Thursday, 10 January 2019: 1:30 PM
North 126BC (Phoenix Convention Center - West and North Buildings)
Michael Buban, ARL, Oak Ridge, TN; and C. B. Baker, T. P. Meyers, and C. R. Hain
Since regions of drought and excessive rainfall can have important socio-economic impacts, more accurate analysis and prediction of these extreme conditions will help mitigate adverse effects to the public and private communities. The US Climate Reference Network (USCRN) consists of 114 weather stations located across the coterminous United States. All stations use highly-accurate instruments to measure air temperature, surface temperature, solar radiation, relative humidity, precipitation, wind, soil temperature, and soil moisture.
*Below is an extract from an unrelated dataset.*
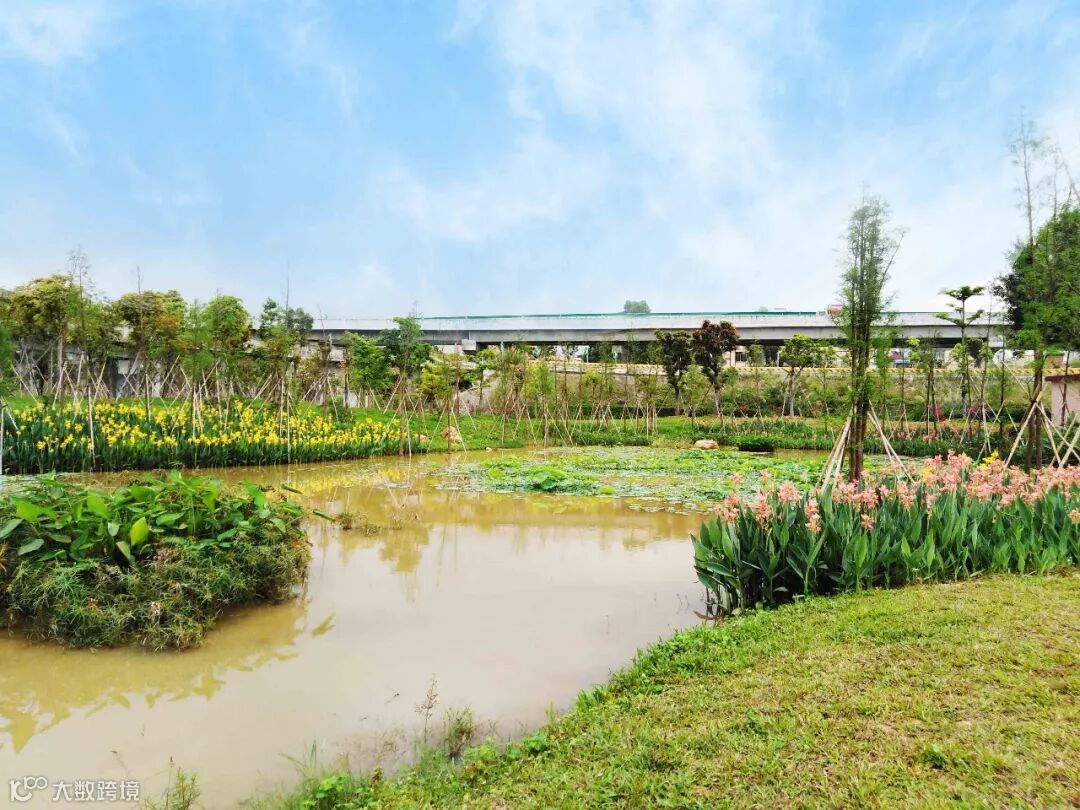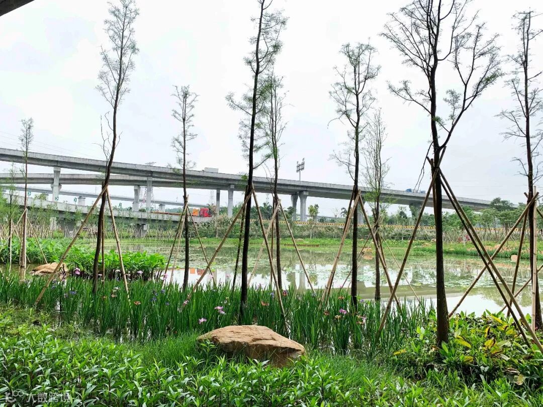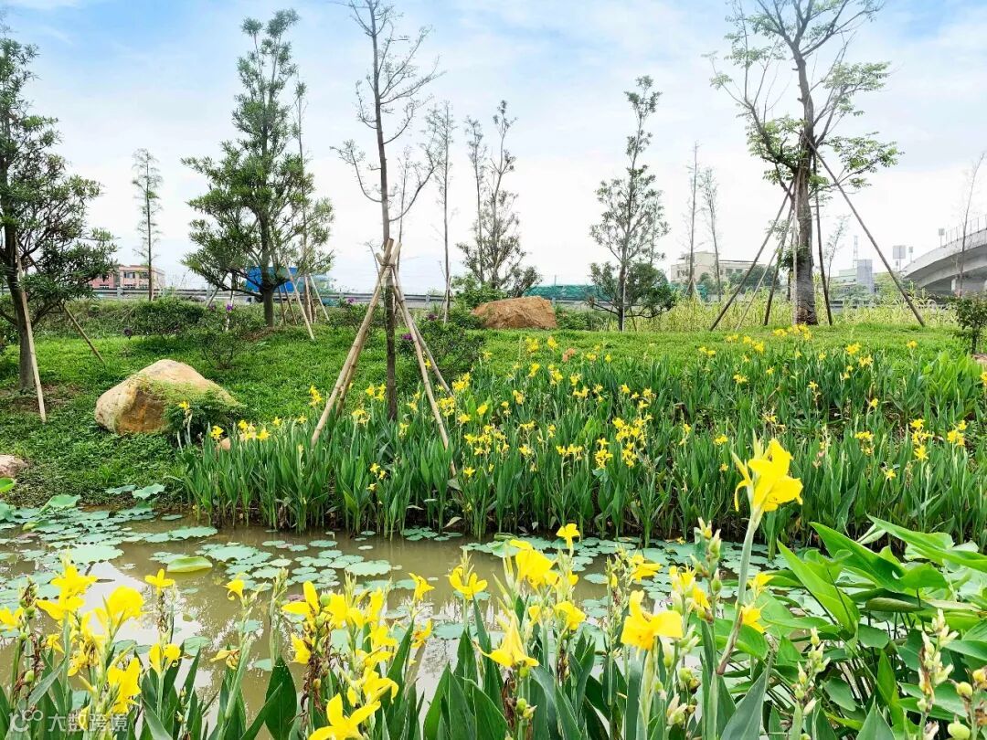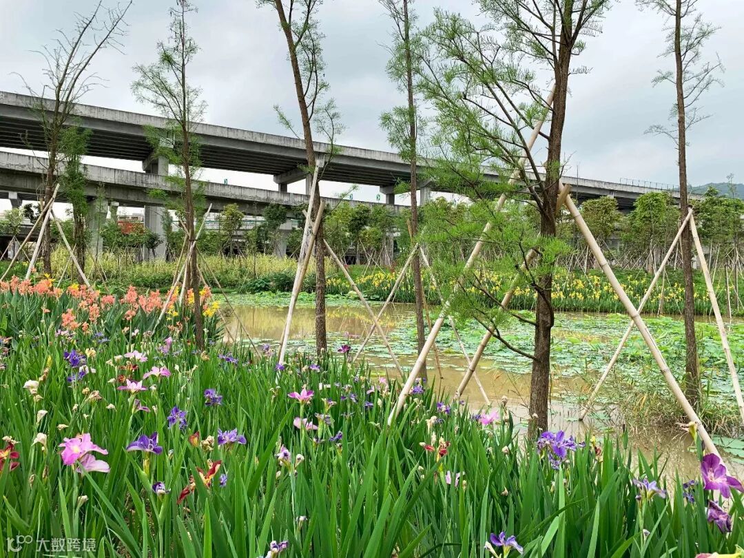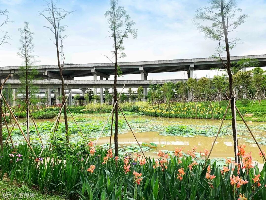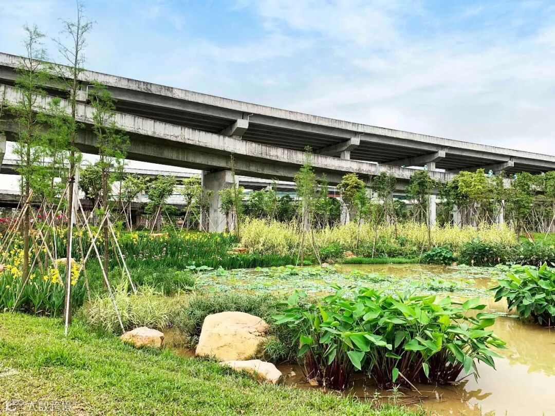 该项目作为广州城区必经的高快速路出入口景观项目之一,是具备典型的广州市绿化识别特征的景观绿地,也是规划的生态景观节点。结合广州市生态廊道建设的目标,选择开花乔木为主要植物景观,根据车行视线打造片植花海景观和自然式乔木搭配地被及草坪的通透景观,形成季相景观突出、花色丰富的立交绿化效果,突出广州花城的形象。该项目结合现场周边市政排水系统不完善的情况,科学地布置湿地,利用湿地的蓄水功能,缓解排水压力,湿地内巧妙点缀相态各异的景石,配置多种开花水生植物,不仅是湿地,更丰富了整体立交的绿化景观效果。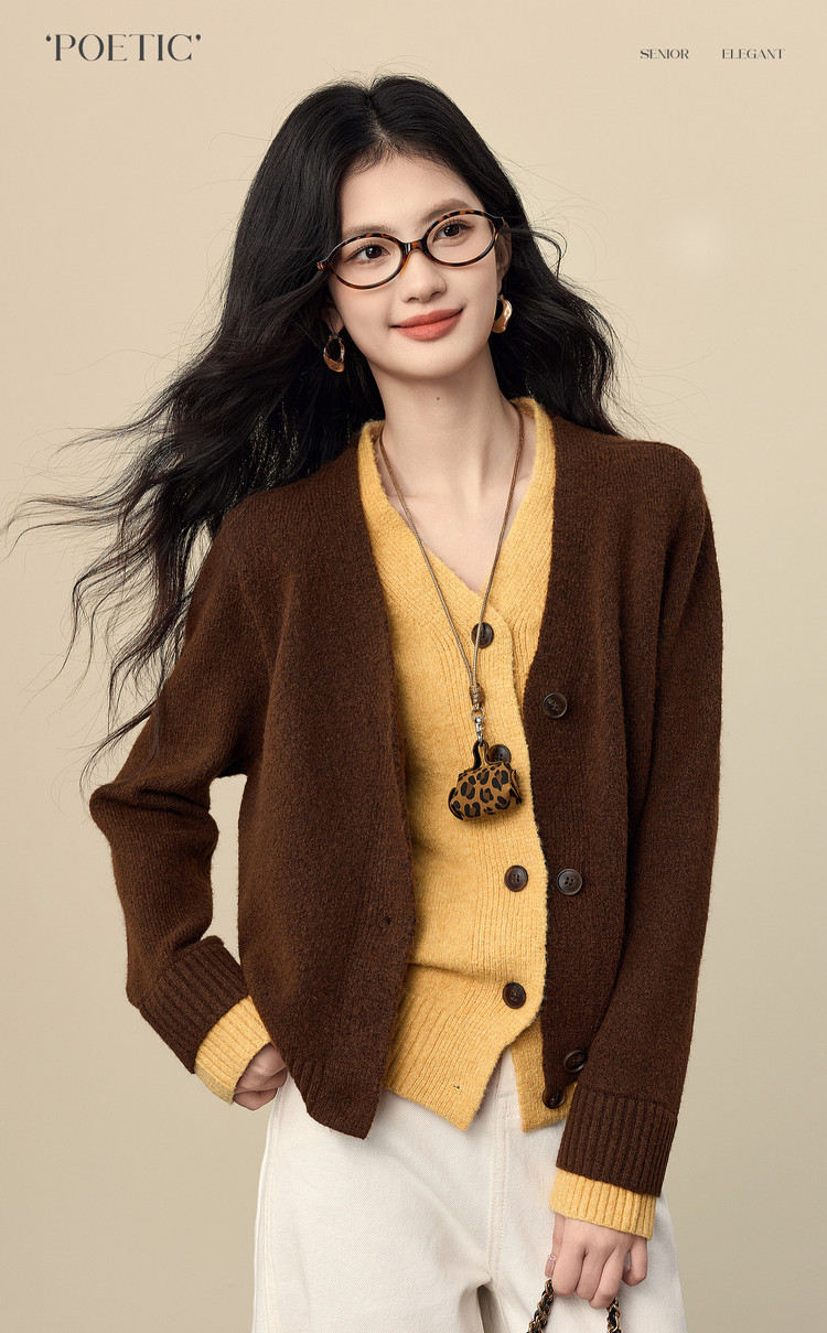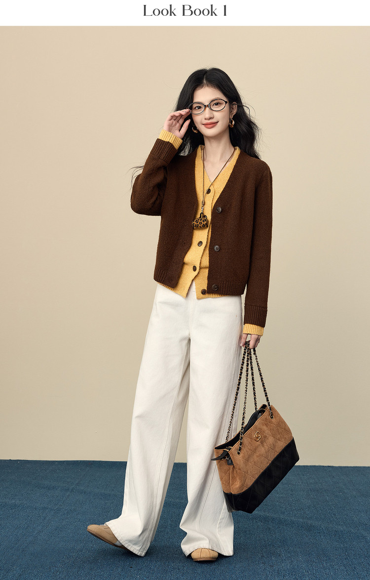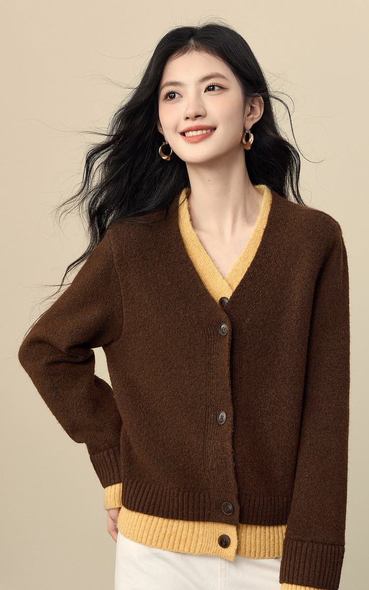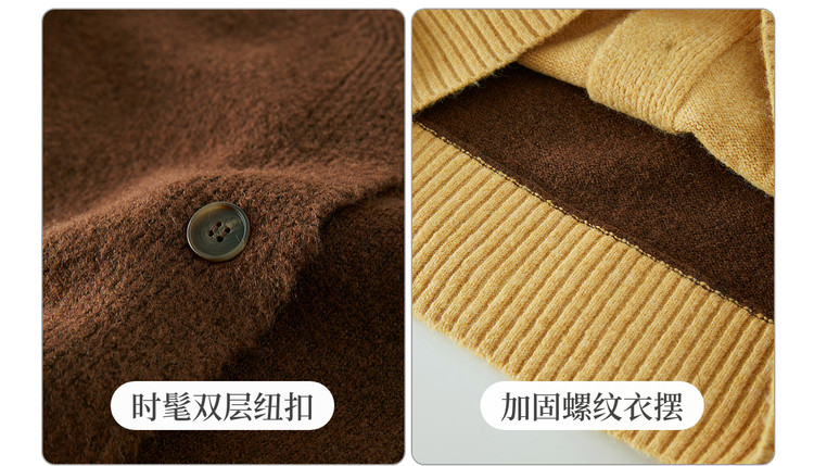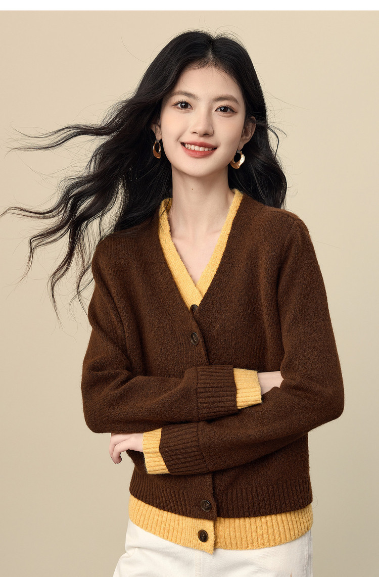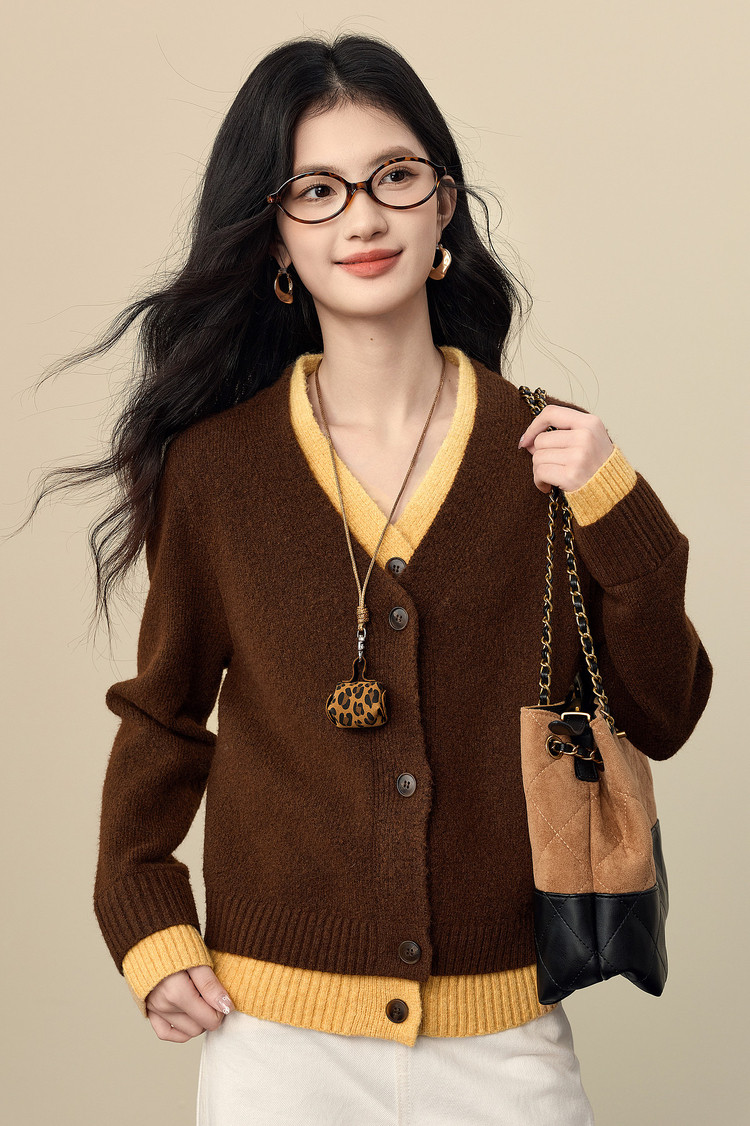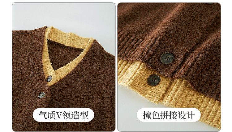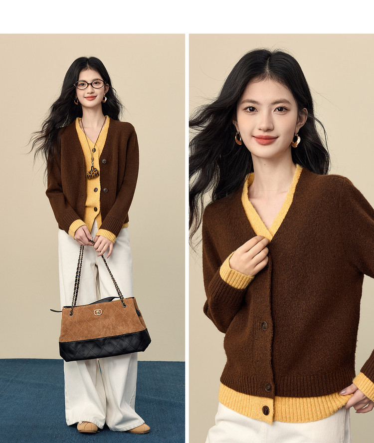 【年货节】世界可露丽风撞色V领拼接假两件针织毛衣开衫女2025年秋冬新款

In this study, we develop a technique to use the USCRN stations as “anchor points” to characterize soil moisture conditions as a function of soil and surface properties and atmospheric conditions. These relationships are then used along with gridded datasets to create an improved and spatially expanded soil moisture product.
To produce the improve soil moisture product, the 4-km Parameter-elevation Relationships on Independent Slopes Model (PRISM) precipitation and Atmosphere-Land Exchange Inverse model (ALEXI) evapotranspiration grids are used as forcing functions. Next the high-resolution 90 m Soil Survey Geographic database (SSURGO) and United States General Soil Map (STATSGO) soil property datasets and National Land Cover Database (NLCD) vegetation type are aggregated to obtain a distribution of soil properties and vegetation type around each 4-km grid point. A weighting function is applied to this distribution to determine a soil and vegetation type at each grid point. The grid points are then matched to a USCRN station with the same soil characteristics and vegetation type, which determines a transfer function that is used to modify the grid. The resulting soil moisture product will be used to improve drought analysis and forecasts.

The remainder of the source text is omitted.